Auf dem 1979 erschienenen Album hatte er sich ganze Berge von der Seele geschrieben: den Verlust des Vaters im Zweiten Weltkrieg, die gescheiterte Ehe, die zunehmende Entfremdung von sich selbst, von seiner Band und auch von den Fans – 1977 hatte er in Montreal im Zorn einen Zuhörer angespuckt. In Waters’ semiautobigrafischer Rock-Oper mutiert er als Rockstar Pink zum faschistischen Diktator, nachdem er um seine Seele eine Mauer gebaut hat. Fast ein Fall von Selbstironie, denn Waters galt als ungenießbarer Kontrollfreak und Groß-Egomane. Ein Mitarbeiter sagte damals über ihn: „Wer geht schon gerne mit Josef Stalin auf Tour?“
Nach mehr als 30 Millionen verkauften „The Wall“-Alben zieht er nun erstmals mit der (Papp-)Mauer um die Welt. Damals war sie wegen des großen Aufwands nur in New York, London, Los Angeles und Dortmund zu sehen. 1989 ließ Waters dieses Gesamtkunstwerk aus Schmerz, Verzweiflung und Einsamkeit auf dem ehemaligen Todesstreifen in Berlin aufführen. Jetzt ist die Show kompakter geworden, aber nicht minder überwältigend.
Auf der während des Konzerts Stein für Stein empor wachsenden Mauer flimmern nicht nur die etwas angejahrten Trickfilmsequenzen aus dem „Wall“-Film von Alan Parker, sondern gestochen scharfe Bilder mit allerneuester Projektionstechnik.

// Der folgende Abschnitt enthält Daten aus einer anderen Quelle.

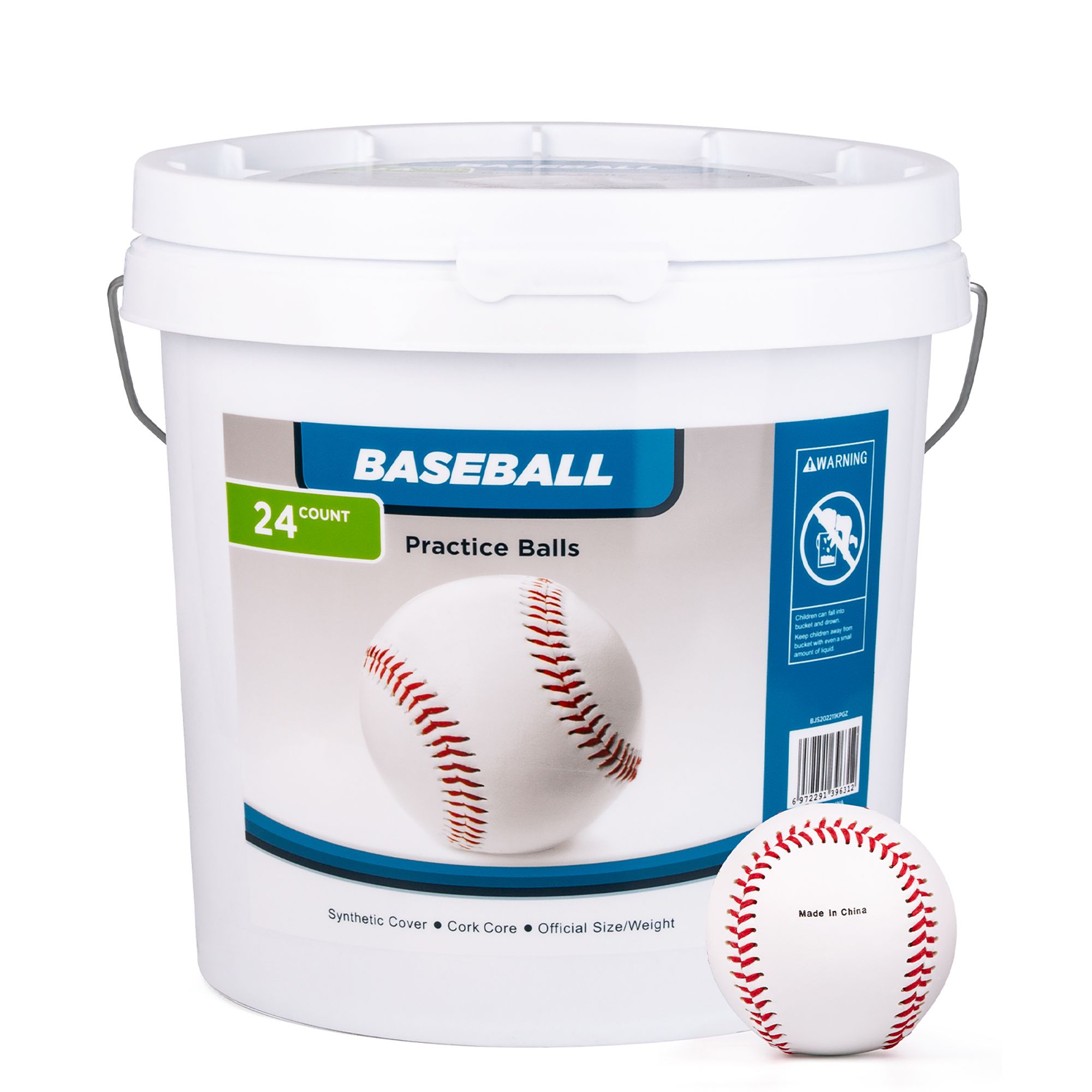 The Coinus Baseballs are made with a solid cork core and PVC leather cover threaded with red raised seams. The included bucket is light, portable and sturdy.

Aufgefahren wird die ganz große moderne Überwältigungsmaschinerie, um Neurosen und Psychosen zu Bildern zu formen und den Krieg im Allgemeinen anzuprangern.
Schon zu Beginn zündet Waters in der Halle ein Feuerwerk, das dem Silvester-Spektakel einer mittleren Kleinstadt Ehre gemacht hätte; wie bei der „Animals“-Tour 1977 fliegt ein Riesenschwein durch die Arena; per Videoeinspielung singt er zusammen mit seinem jüngeren Ich aus dem Jahr 1980; er lässt die vom Cartoonisten Gerald Scarfe entworfenen berühmten Riesenpuppen von Horrorlehrer, Horrormutter, Horrorgattin tanzen und führt eine gruselige Faschistenwerdung seines Protagonisten Pink auf.
Das ist ein atemraubendes Event, bei dem die streckenweise schwer genießbare Musik fast zum Beiwerk gerät. Doch auch die hat ihre Höhepunkte: „Another Brick In The Wall“ und das beste Stück der Platte, „Comfortably Numb“ mit einem derart beseelten Gilmour-Solo des jungen Gitarristen Dave Kilminster, dass man ihn dafür umarmen möchte. Und natürlich König Roger für die Über-Show.